One critical parameter in the direct bond interface (DBI) process is the flatness that can be obtained on an exposed top surface of the wafer within which the metal posts are formed. After the metal is deposited in the vias formed in the wafer, a planarization process is used to even out the upper surface of the wafer and expose a planar array of post surfaces. In most cases, a chemical mechanical polishing (CMP) operation is used to perform this planarization. It is well known, however, that “dishing” (removal of metal below the final surface of the structure) occurs during CMP and is directly proportional to the diameter of the post. That is, the larger the diameter of the post, the wider and deeper the dishing that may result. Obviously, if the dishing is too severe, electrical connection between mating posts is compromised.
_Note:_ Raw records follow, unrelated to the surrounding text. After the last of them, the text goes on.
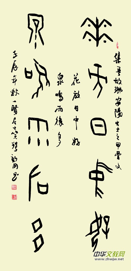 三、以法生意。前面說(shuō)過(guò)笑琰的甲骨文書(shū)法以神入法,此外,又以法生意。這是高層次、高品位的作品所特有的一種大循環(huán)。書(shū)法藝術(shù)是形學(xué),然而更是意學(xué)。形學(xué)講究 “實(shí)”,旨在形式美,意學(xué)講究“虛”,旨在意境美,兩者的結(jié)合,組成了一種審美風(fēng)格。有法無(wú)意或有意無(wú)法都會(huì)走入歧途。不難看出,笑琰很注重這一點(diǎn),作品中洋溢著一種意趣,那就是拙厚與獷辣、奔放與含蓄、端莊與靈動(dòng)有機(jī)地結(jié)合在一起。點(diǎn)畫(huà)的方圓、輕重、疾澀血脈貫通,使其作品的字勢(shì)、筆勢(shì)、氣勢(shì)產(chǎn)生了不可言狀的意趣。在每個(gè)字的具象中,他強(qiáng)調(diào)了意的表述力。例如‘花“字,其向背開(kāi)合,上展下縮,以縱取勢(shì),左右停勻?qū)ΨQ(chēng),以側(cè)映斜,使之產(chǎn)生一種音律與節(jié)奏意趣。這件甲骨文書(shū)作雄氣勃勃,潤(rùn)含春雨,饒有金石味。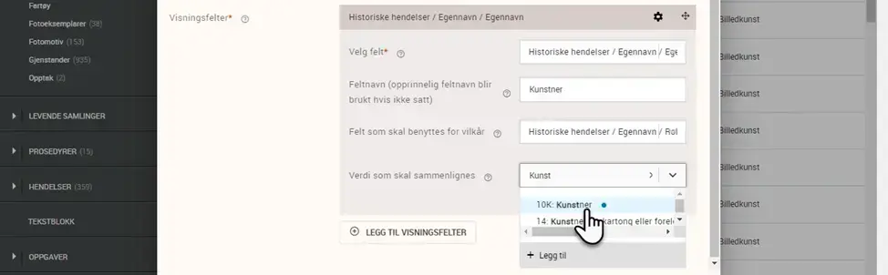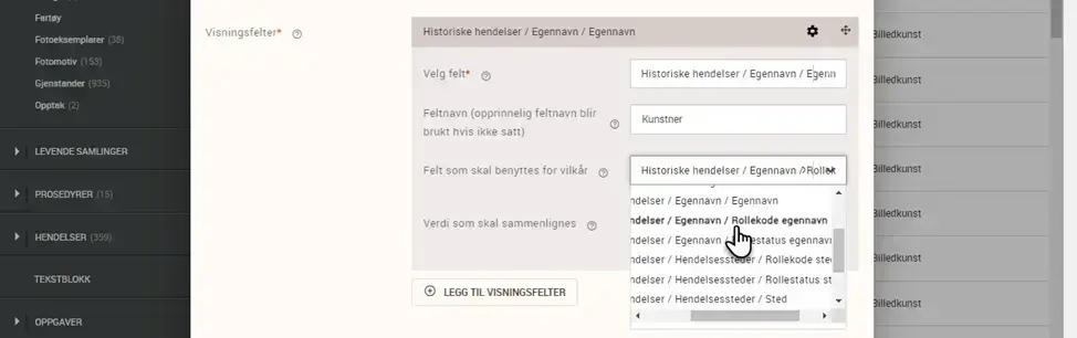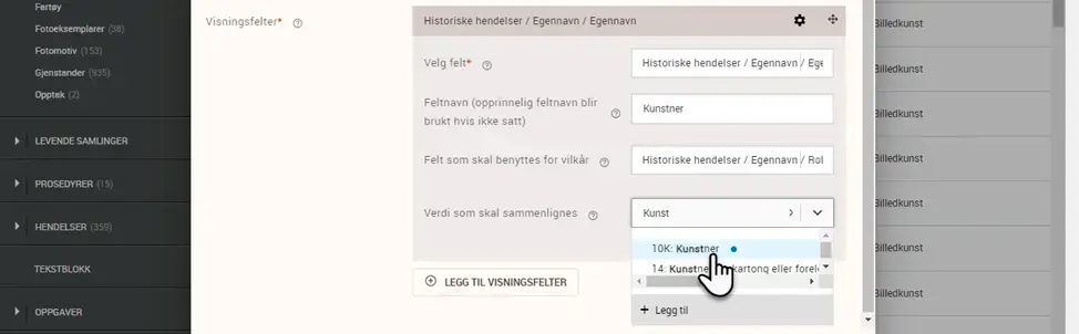 Et nytt felt dukker opp i det man har valgt kriterium. Dette feltet viser listeverdiene som finnes tilgjengelig under vilkårsfeltet. I eksempelet her velger vi «Kunstner» under vilkårsfeltet «Rollekode» for egennavn:
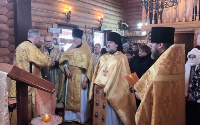 16 февраля 2024 года, в день памяти святителя Николая Японского, в храме в честь святителя Николая Японского д. Никольское Гагаринского района была совершена Божественная литургия по случаю престольного праздника, которую возглавил благочинный Гагаринского округа игумен Александр (Карпиков).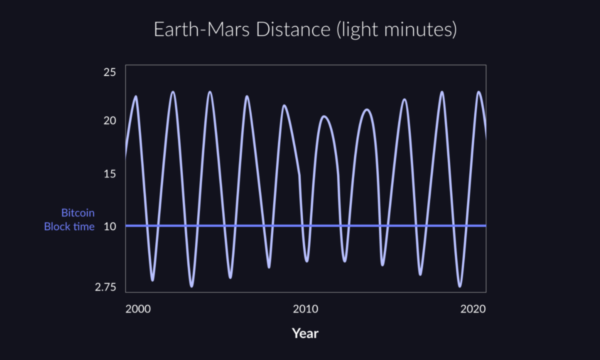 But there will still be challenges caused by the unavoidable delay inherent to all Earth-Mars communication. Bitcoin users and miners in particular will be affected because of their great distance from Earth and its center of hash:
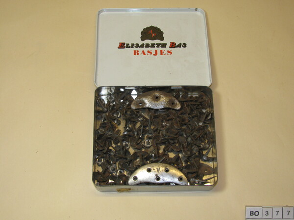 Klompenbeslag, Nederland, Midden 20e eeuw Elisabeth Bas blikken doosje met divers klompenbeslag. Blank.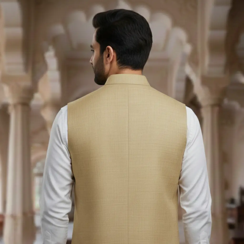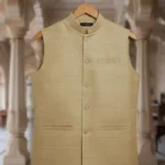 Step into timeless elegance with the Royal Muga Heritage Jacket, handcrafted from authentic Assam Muga silk. Its natural golden-beige sheen, classic mandarin collar, and minimalistic detailing make it the perfect blend of heritage and modern sophistication. Ideal for weddings, festive occasions, or cultural events.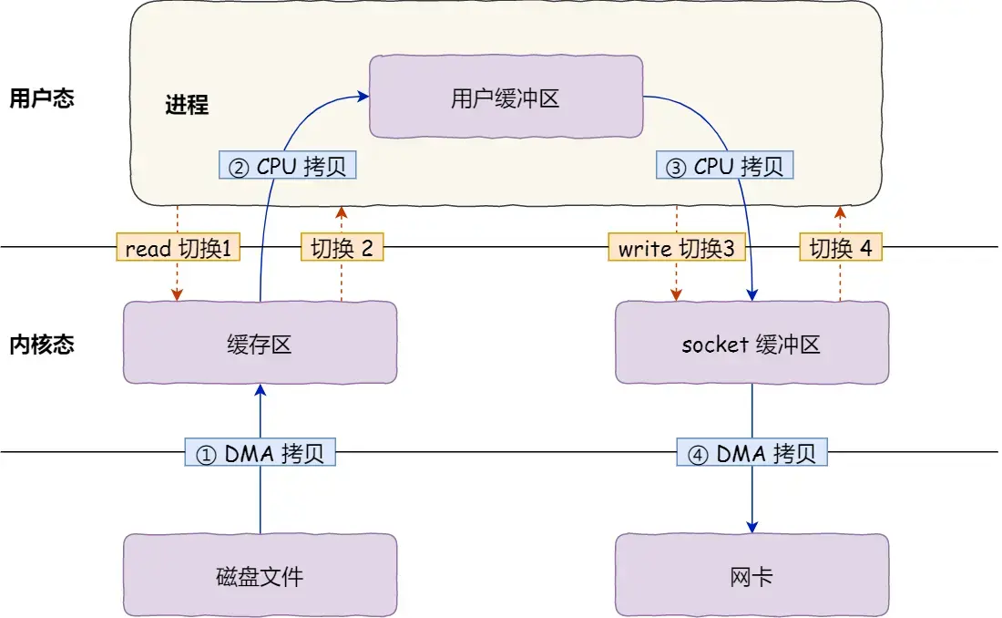 - 4 次数据拷贝(2 次 DMA 拷贝 + 2 次 CPU 拷贝)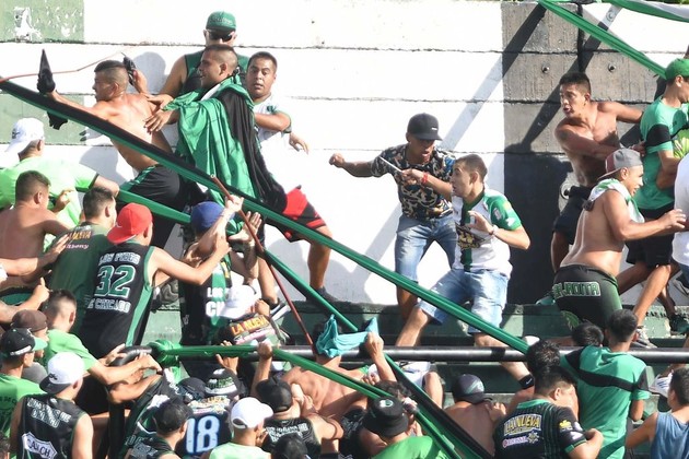 Télam 16/02/2020, Buenos Aires: Incidentes violentos en la tribuna de los simpatizantes de Chicago, durante el encuentro en el que reciben a Temperley.
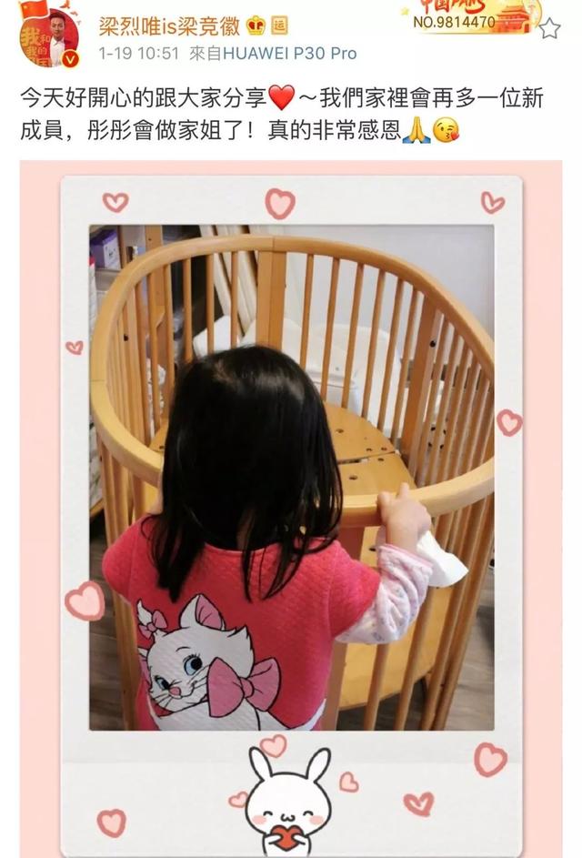 TVB男艺人黄浩然的太太莫家嘉,在社交平台分享跟2个孕妇的合照,分别是应采儿与梁竞徽太太Tina。艺人梁競徽和太太在2017年生下女儿彤彤,想不到三年后她又怀孕了。而梁競徽今天也在社交平台上传一张大女儿看着摇篮床的照片,表示:“今天好开心跟大家分享,我们家里会再多一位新成员,彤彤会做家姐了,真的非常感恩。”

While decreasing the diameter of the posts is a reasonable solution to overcome the dishing problem, the use of small diameter posts impacts the ability of conventional wafer bonding tools to align one wafer with another when forming the vertical wafer stack. In other words, the overlay accuracy of the bonding tool ultimately determines the reliability and repeatability of the DBI process.

SUMMARY

One aspect of the present invention relates to a modification to the standard layout of vias used in the mutual bonding of vertically stacked wafers (or integrated circuit die), in order to improve the interconnect overlay while avoiding the dishing problems associated with CMP. The vias formed on each wafer (or die) are separated by a pitch defined for that wafer (die), where the pitches are preferably related by a pitch factor N so that overlap between vias of joining wafers will occur with a given periodicity. The use of different (but related) pitches thus de-couples the overlay problem associated with using small diameter (i.e., sub-micron) vias from the tolerances of conventional bonding tools.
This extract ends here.